From my experience, a student would usually say

Q: What grade are you in?
A: I'm in third grade. (AmE)

the determinant "the" is not necessary but can be used without loss of understanding.

third grade
3rd grade
children usually advance to third grade after finishing second grade

gets used in the US (AmE).

P3 (most often)
I'm in Mrs Corbett's P3 class.

grade 3 (not as often)
grade 3 and form 4 students will have compulsory math classes

gets used in the UK (BrE).

grade 3

may also be used in other countries.

  • 1
    P3? What is that?
    – Catija
    Jul 11, 2016 at 17:20
  • UK system is: anti-nursery (pre-K), nursery (K), P1 (primary-1), P2 (primary-2), P3 (primary-3), Form 4... "P3" is also mainly the English system designation, the upper grades have different designations in Scotland.
    – Peter
    Jul 11, 2016 at 17:28
  • In this document I noticed that grade and a number is often used: eurydice.org.pl/wp-content/uploads/2014/10/… However, in this one is 3rd grade students pliki.echodnia.eu/pdf/gtranskrypcja_PP.pdf
    – masterkomp
    Jul 11, 2016 at 17:35
  • To add to what @Peter has said, Scotland has seven primary years (P1 through P7), four compulsory secondary years (S1 through S4), and two optional secondary years (S5 and S6). I believe England has six primary and seven secondary, but I don't know the designations.
    – LMS
    Jul 11, 2016 at 19:38

You usually say "in (the) third grade in AE, whereas you say in the third year in BE. You can use 3rd before grade/year, but it's not common. The same is with grade three/3; it's not common.

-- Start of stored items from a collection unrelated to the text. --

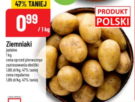 Ziemniaki jadalne 1 kg cena sprzed pierwszego zastosowania obniżki: 1,89 zł/kg, 47% taniej cena regularna: 1,89 zł/kg, 47% taniej
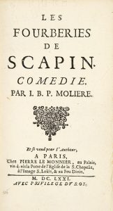 MOLIÈRE - 1622 - 1673 — LES FOURBERIES DE SCAPIN. — Comédie. — Et se vend pour l’Autheur, à Paris, Pierre Le Monnier, 1671. — In-12, maroquin rouge, janséniste, dentelle intérieure, tranches dorées (Marius Michel).
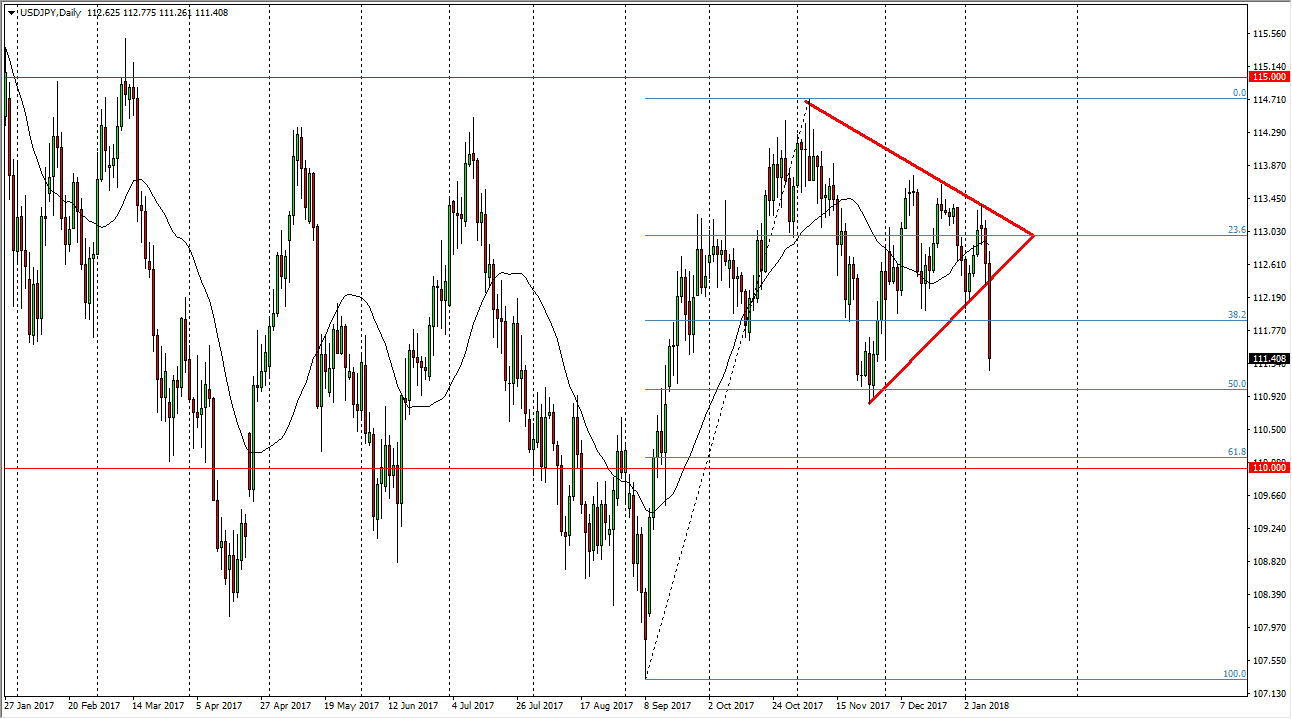 The US dollar fell significantly against the Japanese yen during the trading session on Wednesday, slicing through an uptrend line, breaking down below the bottom of that line and suggesting that we are going to continue to see bearish pressure. Quite frankly, this is a very negative candle, and this suggests that we are going to continue to see a bit of negative pressure. I believe that the 111-level underneath is supportive, and a breakdown below there I would anticipate that the market would go to the 110 level which is the 61.8% Fibonacci retracement level. Market participants continue to be very back and forth in this market, as this pair tends to be volatile. The very suggestion that the Bank of Japan may be looking to step away from quantitative easing has had a very detrimental effect. However, I think it’s only a matter of time for the buyers return, so I’m looking for an opportunity to go long, but don’t see it yet.
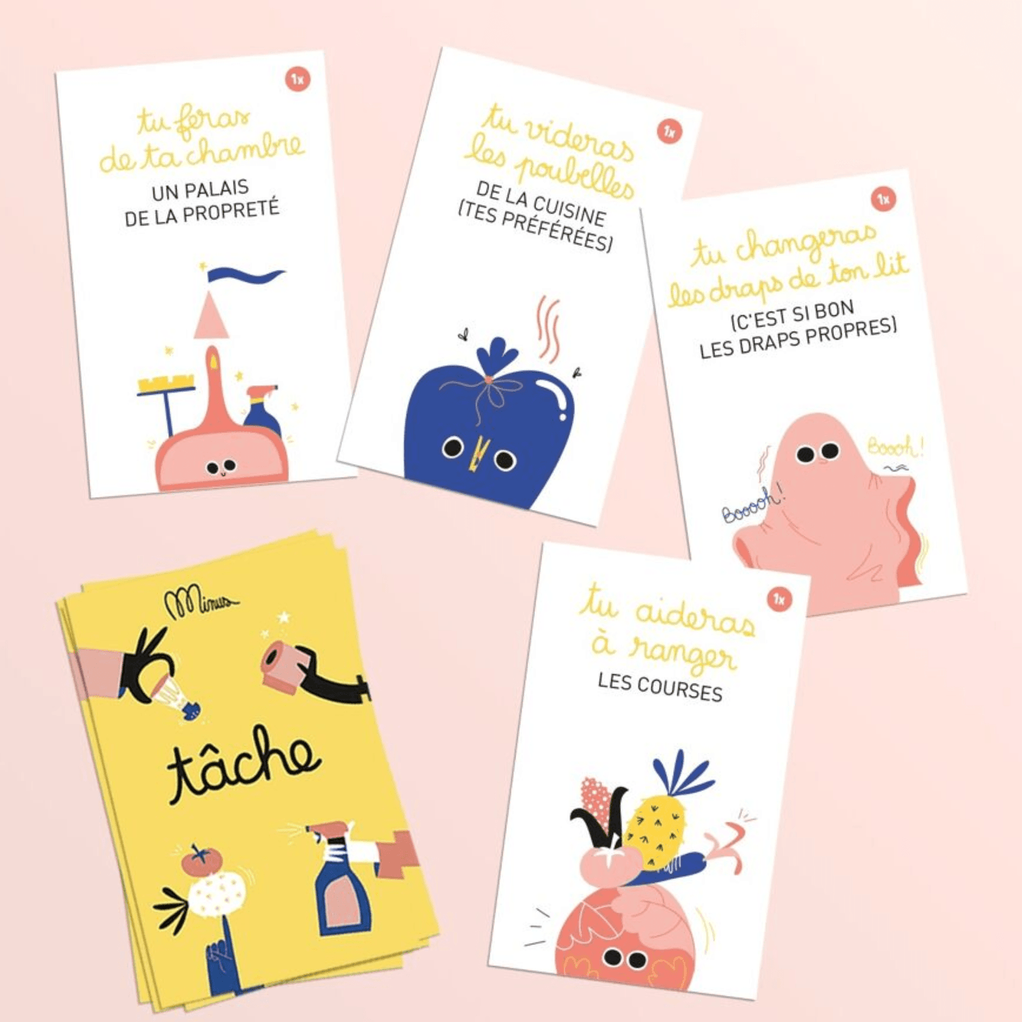 Le principe est simple : chaque enfant tire une carte "tâche" qui lui indique une mission à accomplir (comme ranger sa chambre, mettre la table ou arroser les plantes). Une fois la tâche accomplie, il peut passer à l’étape suivante : tirer une carte "défi". Ces cartes ajoutent un aspect amusant et compétitif en proposant des petits challenges comme "réaliser la tâche en moins de 5 minutes", "effectuer la tâche en dansant" ou "avec une seule main" !
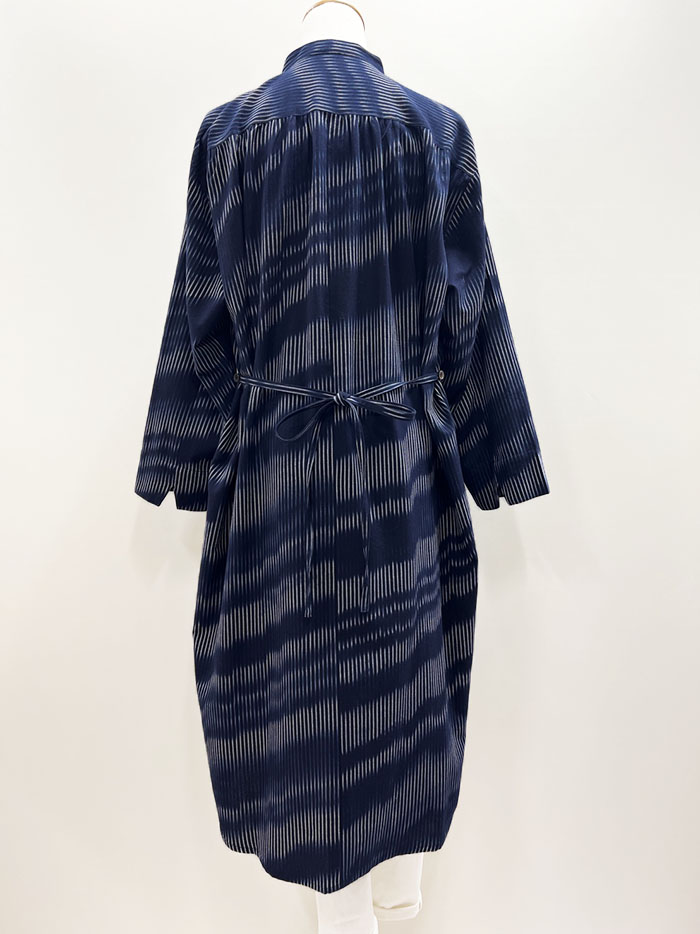 ボタンを留めて1枚で、またボタンを開けてさらっと羽織っても素敵な、久留米絣のロングブラウスです。
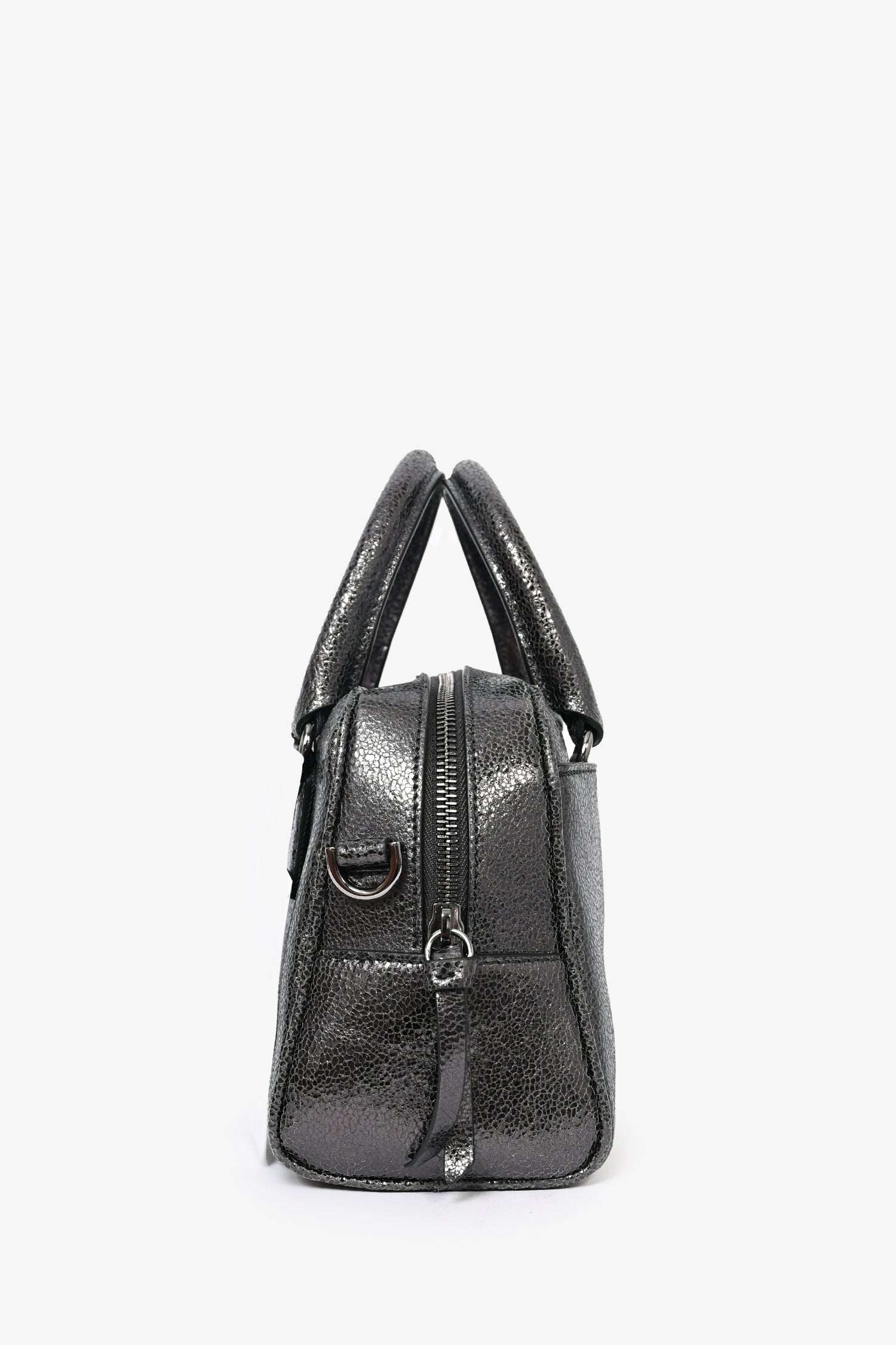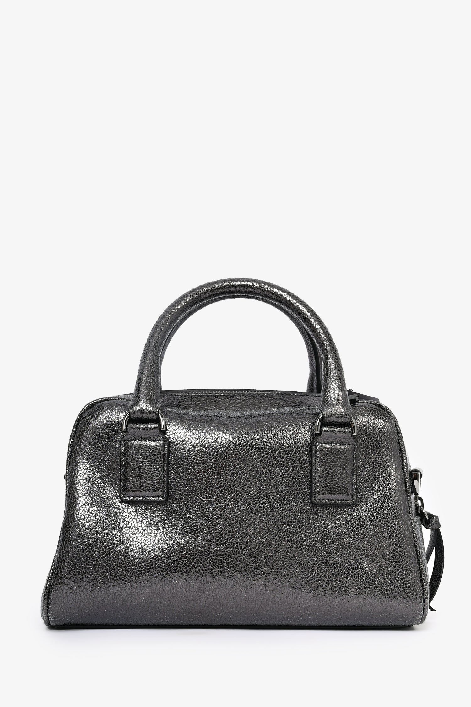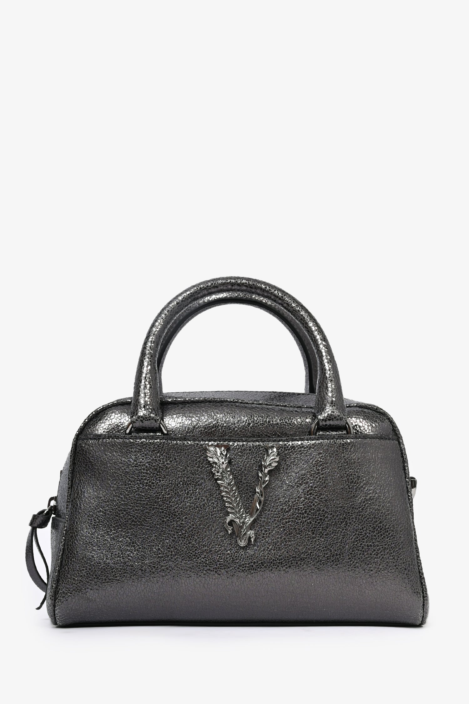 Refresh availabilityVersace Gunmetal Crackle Leather Small Virtus Bowling Bag with Strap. Dual top handles. Tonal topstitching. Top zipper with leather pull tab. Exterior compartment. Lined interior. 1 interior compartment. Silver-toned hardware. Comes with strap.

As for the second question, you usually say 'all the third-grade teachers. Again, the use of 3rd isn't common here.

  • "all third-grade teachers" without "the" would also be correct? What if I want to sign a notebook? Should I write: 3rd grade, the third grade, third grade, Grade 3 ?
    – masterkomp
    Jul 11, 2016 at 18:43
  • I'll prefer third grade to 3rd grade.